Villa Agreste dall'esterno sembrava un castello per quanto era grande; un muro di 4 metri circondava il giardino esterno della villa, telecamere di sorveglianza sorvegliavano il perimetro, a prova di quanto tenesse alla propria sicurezza e privacy Gabriel Agreste.
Il suv attraversò il cancello posto sul lato sud della villa; davanti al portone di ingresso, una donna dall'aria severa li attendeva. Aveva i capelli neri con una ciocca rossa che le scendeva sulla fronte ed indossava un paio di occhiali da vista che coprivano i suoi occhi azzurri. «Benvenuto signorino Agreste.» Abbozzò un leggero sorriso. «Plagg...»

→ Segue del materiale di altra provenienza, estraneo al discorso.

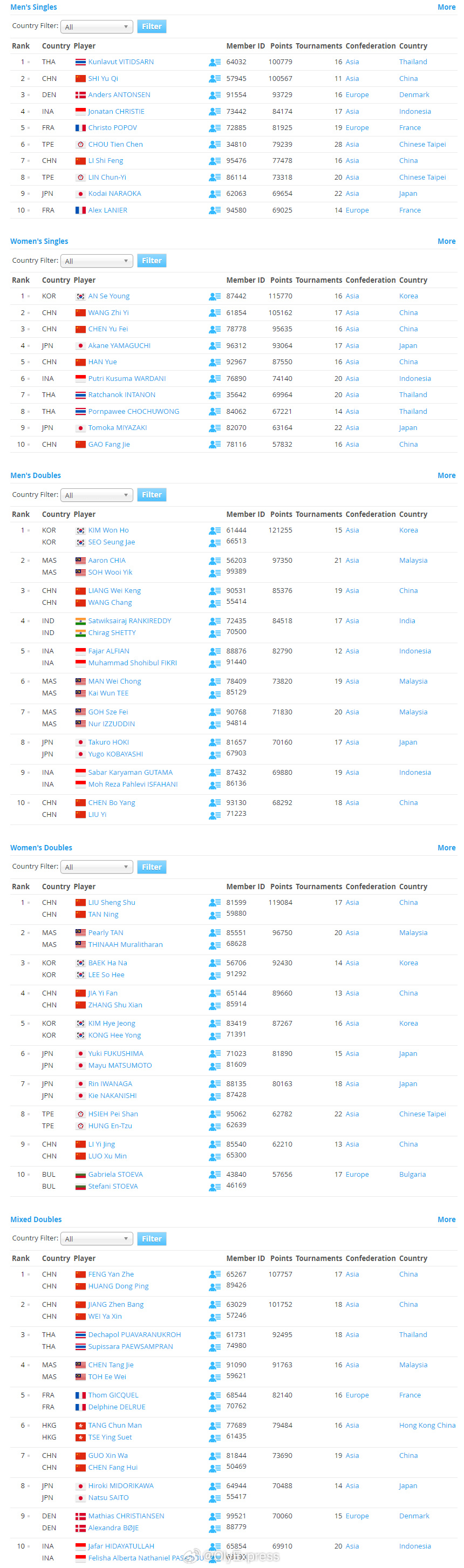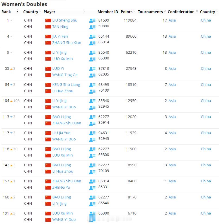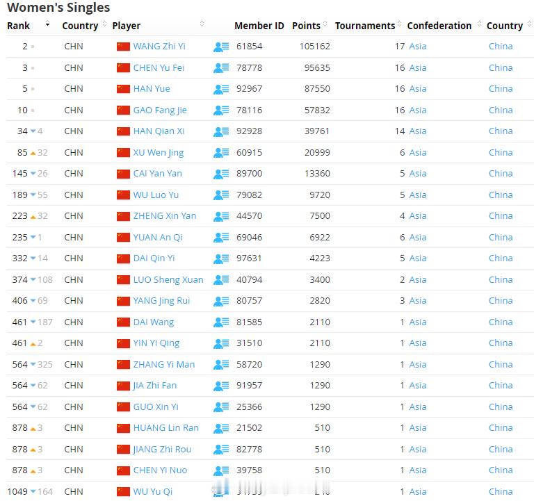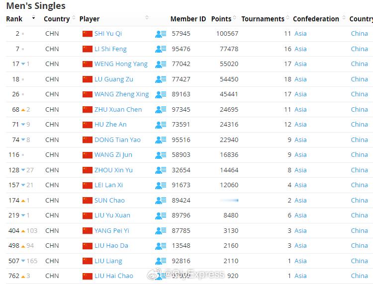 【世界羽联排名0317】世界羽联排名2026年奥尔良大师赛3月17日,世界羽联公布了最新一期羽毛球选手世界排名。国羽详细排名:男单石宇奇2、李诗沣7、翁泓阳17、陆光祖18、王正行26、朱轩辰68、胡哲安71、董天尧74;女单王祉怡2、陈雨菲3、韩悦5、高昉洁10、韩千禧34、徐文婧85;男双梁伟铿/王昶3、陈柏阳/刘毅10、胡珂源/林祥毅52、何济霆/任翔宇174;女双刘圣书/谭宁1、贾一凡/张殊贤4、李怡婧/罗徐敏9、罗意/王汀戈55、李怡婧/王漪朵105、鲍骊婧/罗徐敏118;混双冯彦哲/黄东萍1、蒋振邦/魏雅欣2、郭新娃/陈芳卉7、程星/张驰14、高家炫/吴梦莹25、朱一珺/李茜54。

«Lieto di rivederti, Nathalie.» Adrien salutò la donna con un cenno del capo.
«Vedo che gli anni ti hanno resa più solare e scherzosa di quanto non fossi prima» scherzò Plagg.
Nathalie Sancoeur gli scoccò un'occhiataccia. Era la direttrice dell'azienda che gestiva il marchio Agreste in Europa: prima della nascita di Adrien, i coniugi Agreste si erano trasferiti in America, così Gabriel aveva affidato tale compito alla persona più fidata che conosceva. Negli anni, la donna aveva dimostrato che la fiducia dello stilista era stata ben riposta, consentendo alla casa di moda di occupare un posto di rilievo tra le principali aziende europee. Di tanto in tanto, Nathalie si recava a New York per incontrare la famiglia Agreste e sviluppando un sincero affetto nei confronti del giovane Adrien, una delle poche persone in grado di sciogliere la "lady di ghiaccio", come era stata soprannominata da Plagg. Quando Gabriel si era stabilito di nuovo a Parigi, in seguito della morte di Emilie, Nathalie continuò a svolgere il suo compito con estrema professionalità, occupandosi anche di gestire gli affari internazionali e di svariate necessità dello stesso stilista.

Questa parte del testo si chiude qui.